Investigating the Effects of Aging on Body Armor Fibers

Ballistic-resistant soft body armor is crucial for protecting emergency personnel, such as police officers, firefighters, and medical responders, from high-speed ballistic impacts. However, armor materials can degrade over time due to exposure to heat, humidity, physical wear, and variations in how the armor is used and maintained. It is challenging to measure this degradation because armor experiences very different conditions and usage patterns in the real world.

A common way to evaluate armor effectiveness is by measuring its V50 velocity, the speed at which half of projectiles penetrate the armor. Unfortunately, directly measuring V50 requires destructive tests that ruin the armor, making this method expensive and time-consuming. Instead, researchers usually test the strength of armor fibers by testing the fibers at quasi-static conditions (slow strain rate tensile testing). However, this approach does not accurately represent real-world ballistic impacts, which occur at extremely high speeds (dynamic rate).

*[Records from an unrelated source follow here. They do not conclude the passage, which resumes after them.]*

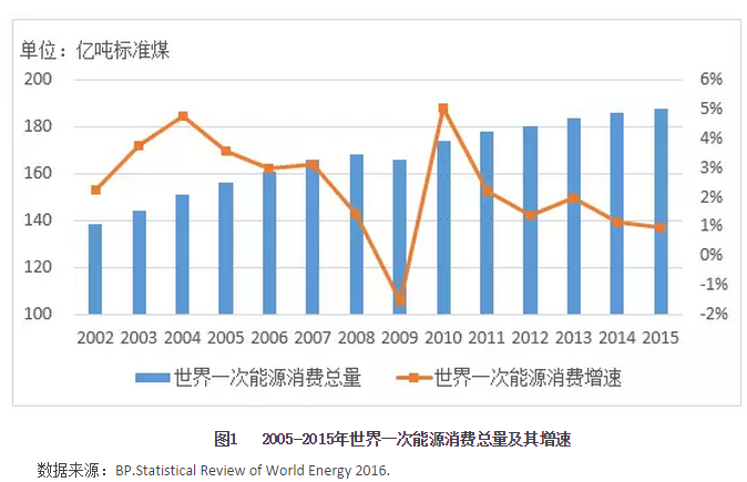 2012年以來,全球能源消費增速顯著趨于放緩。根據(jù)BP統(tǒng)計數(shù)據(jù),2012年之前的10年間,世界一次能源消費總量由2002年的138.8億噸標(biāo)準(zhǔn)煤增加到2012年的180.3億噸標(biāo)準(zhǔn)煤,年均增加近4.2億噸標(biāo)準(zhǔn)煤,年均增速為2.7%。這一時期較快增長的能源需求主要由高速發(fā)展的中國經(jīng)濟所拉動,10年間中國能源消費量增加了23.4億噸標(biāo)準(zhǔn)煤,占同期世界能源消費總增加量41.5億噸標(biāo)準(zhǔn)煤的56.4%。從2012年開始,世界能源需求呈現(xiàn)疲軟態(tài)勢,增速逐步放緩,2012年、2013年、2014年和2015年世界一次能源消費增速分別為1.4%、2.0%、1.1%和1.0%,顯著低于之前10年2.7%的年均增速(如圖1所示)。導(dǎo)致這一現(xiàn)象的原因主要有兩個:一是發(fā)達(dá)國家在經(jīng)歷2007、2008年金融危機后,經(jīng)濟尚未完全復(fù)蘇,能源需求疲軟。以北美、歐洲及歐亞地區(qū)為例,2015年北美一次能源消費量為39.9億噸標(biāo)準(zhǔn)煤,盡管與2012年相比略微增加,但仍低于2008年40.3億噸標(biāo)準(zhǔn)煤的消費量;歐洲及歐亞地區(qū)2015年一次能源消費量為40.5億噸標(biāo)準(zhǔn)煤,相比于2008年下降了6.2%[1]。二是新興市場國家經(jīng)濟增速放緩及產(chǎn)業(yè)結(jié)構(gòu)調(diào)整降低了能源需求增速。其中最具有代表的是中國,隨著經(jīng)濟發(fā)展進(jìn)入新常態(tài),產(chǎn)業(yè)結(jié)構(gòu)的深度調(diào)整和持續(xù)升級使得能耗較高的重工業(yè)在經(jīng)濟總量中所占的比重持續(xù)下降,能源需求進(jìn)入低速增長階段。中國的消費增速由2011年的7.3%下降到2015年的0.9%,趨近于世界平均水平[2]。另外,根據(jù)BP的統(tǒng)計數(shù)據(jù),中國能源消費的增長量占世界總增長量的比例由2011年的74.5%降到2015年的34.4%,對能源需求總量的拉動作用明顯減弱。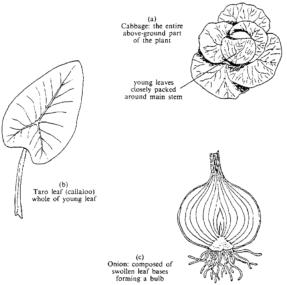 | Leaves only | Dasheen (callaloo), spinach | (Figure 4.3b) |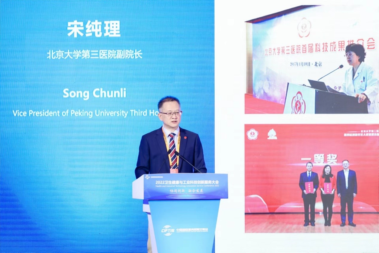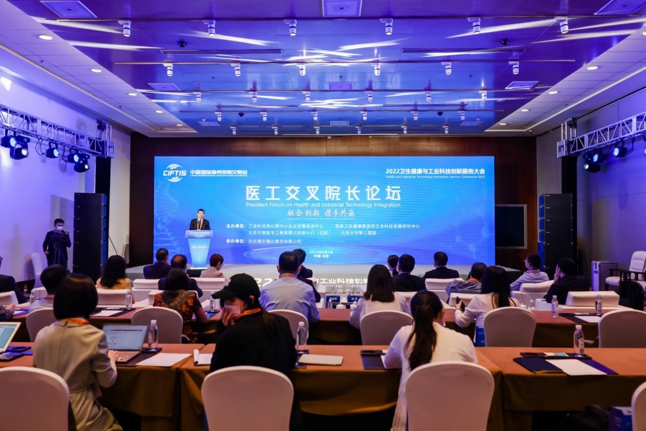9月3日上午,高精尖中心联合工业和信息化部中小企业发展促进中心、国家卫生健康委医药卫生科技发展研究中心、北京大学第三医院主办的2022年中国国际服务贸易交易会“医工交叉院长论坛”在国家会议中心召开。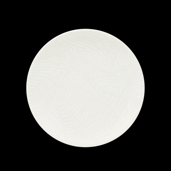 Realizzato in porcellana bianca di alta qualità, presenta un delicato rilievo tono su tono con motivo di foglie, perfetto per una mise en place elegante e moderna 🍽️
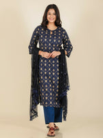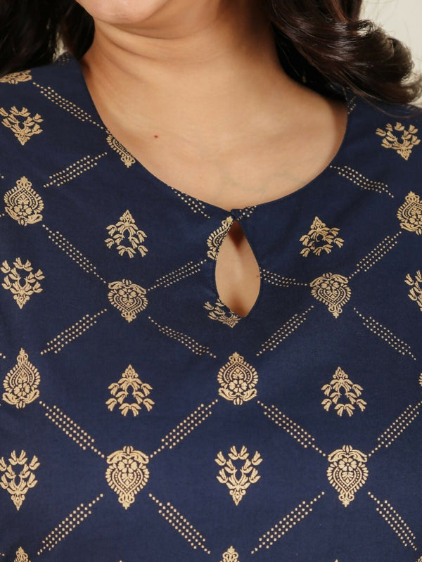 Aramya Straight Soft Cotton Floral Print Women's Kurta Set - BlueElevate your style with our uniquely designed kurta set, perfect for daily wear or...

In our research, we are trying to address this limitation by testing individual fibers both at quasi-static and at high-strain rates. For high-strain rate testing, we have reassembled a specialized testing setup known as the Mini Kolsky Bar at the National Institute of Standards and Technology (NIST). To degrade the body armor fibers, we are artificially aging them by exposing them to accelerated conditions (70°C temperature and 76% relative humidity) to simulate years of field use in a shorter period. By comparing fiber behavior at both testing speeds after aging, our goal is to understand how degradation affects fiber strength at realistic ballistic conditions. Ultimately, this research will enhance the reliability predictions for soft body armor, improving the safety of emergency responders and guiding future armor maintenance and design.